A 'natural death' may be preferable for many than enduring CPR
CPR can sometimes save lives, but it also has a dark side.
. . . the true odds are grim. In 2010 a review of 79 studies, involving almost 150,000 patients, found that the overall rate of survival from out-of-hospital cardiac arrest had barely changed in thirty years. It was 7.6%.
Chronic illness matters too.

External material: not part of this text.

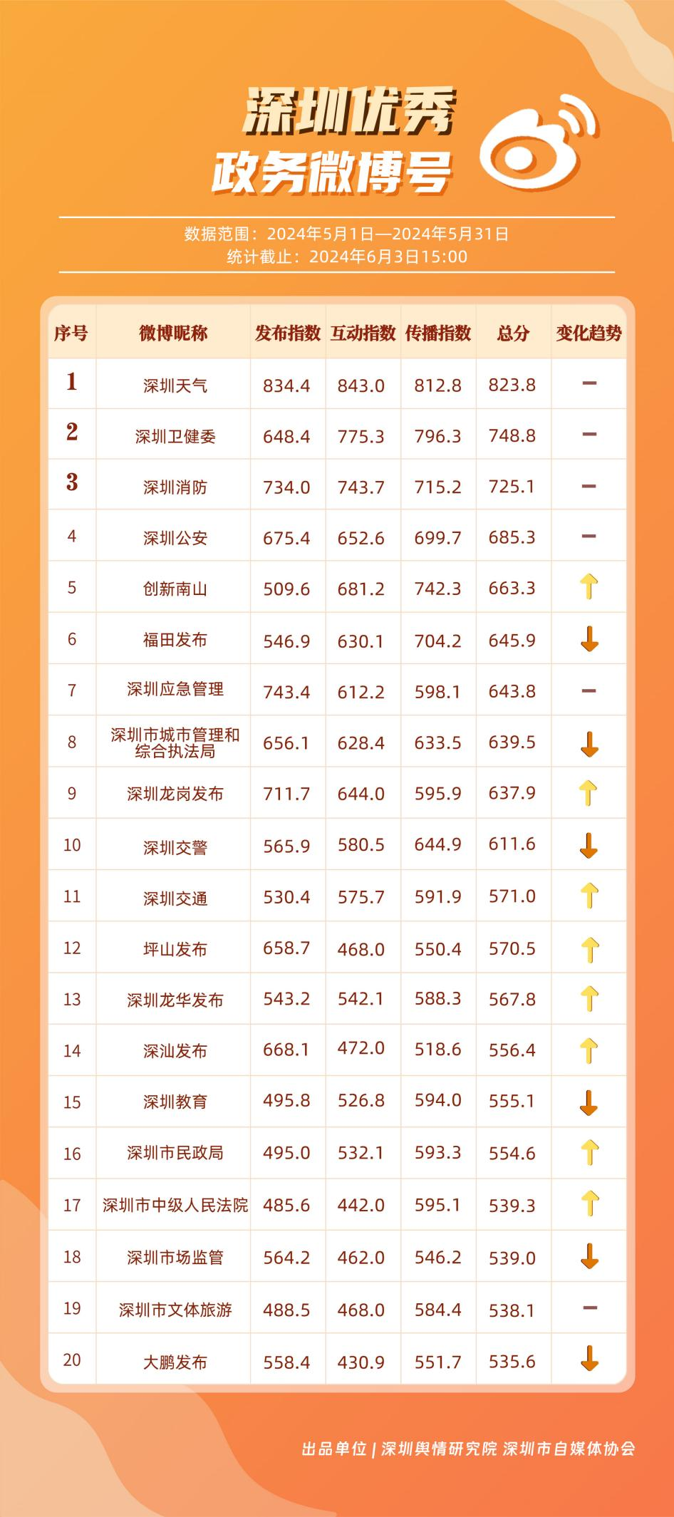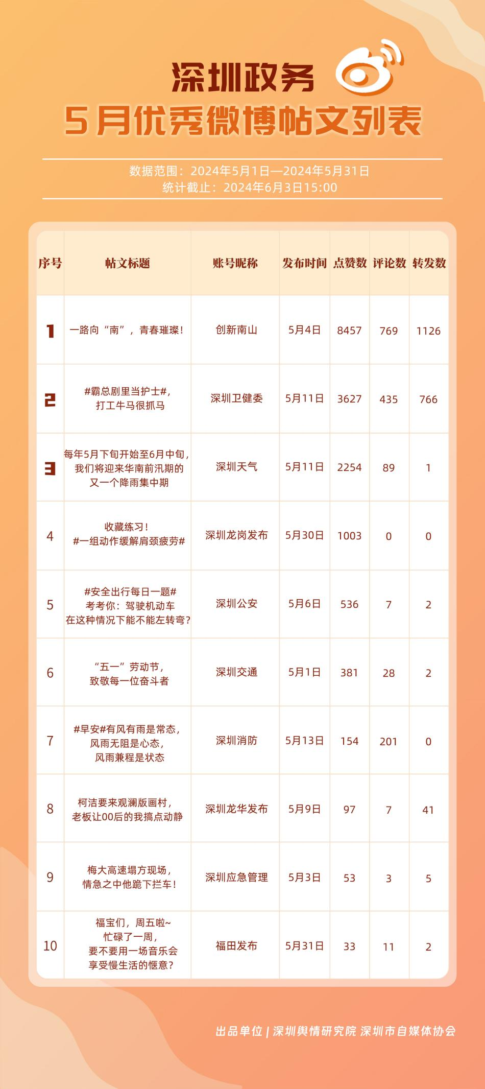5月,“深圳天氣”“深圳衛(wèi)健委”“深圳消防”“深圳公安”“創(chuàng)新南山”“福田發(fā)布”“深圳應急管理”“深圳市城市管理和綜合執(zhí)法局”“深圳龍崗發(fā)布”“深圳交警”等20個政務微博號入列“優(yōu)秀”名單。對比上期來看,“深圳天氣”“深圳衛(wèi)健委”“深圳消防”“深圳公安”發(fā)揮穩(wěn)定,能夠合理利用微博傳播渠道,持續(xù)輸出受眾喜聞樂見的高質量內容,“創(chuàng)新南山”“深圳龍崗發(fā)布”等微博號則在5月發(fā)力宣傳,整體傳播效果有所提升,收獲網(wǎng)民好評。

One study found that less than 2% of patients with cancer or heart, lung, or liver disease were resuscitated with CPR and survived for six months.
But this is life or death — even if the odds are grim, what's the harm in trying if some will live? The harm, as it turns out, can be considerable. Chest compressions are often physically, literally harmful. "Fractured or cracked ribs are the most common complication," wrote the original Hopkins researchers, but the procedure can also cause pulmonary hemorrhage, liver lacerations, and broken sternums.
The traumatic nature of CPR may be why as many as half of patients who survive wish they hadn't received it, even though they lived.
An even bigger quality of life problem is brain injury. . . . Only 2% of survivors over 85 escape significant brain damage, according to one study.
"The act of resuscitation itself cannot be expected to cure the inciting disease," the Hopkins researchers wrote in 1961.
A patient with terminal cancer who is resuscitated will still have terminal cancer. In those cases, the most humane approach may be to ease the pain of the dying process, rather than build a bridge to nowhere.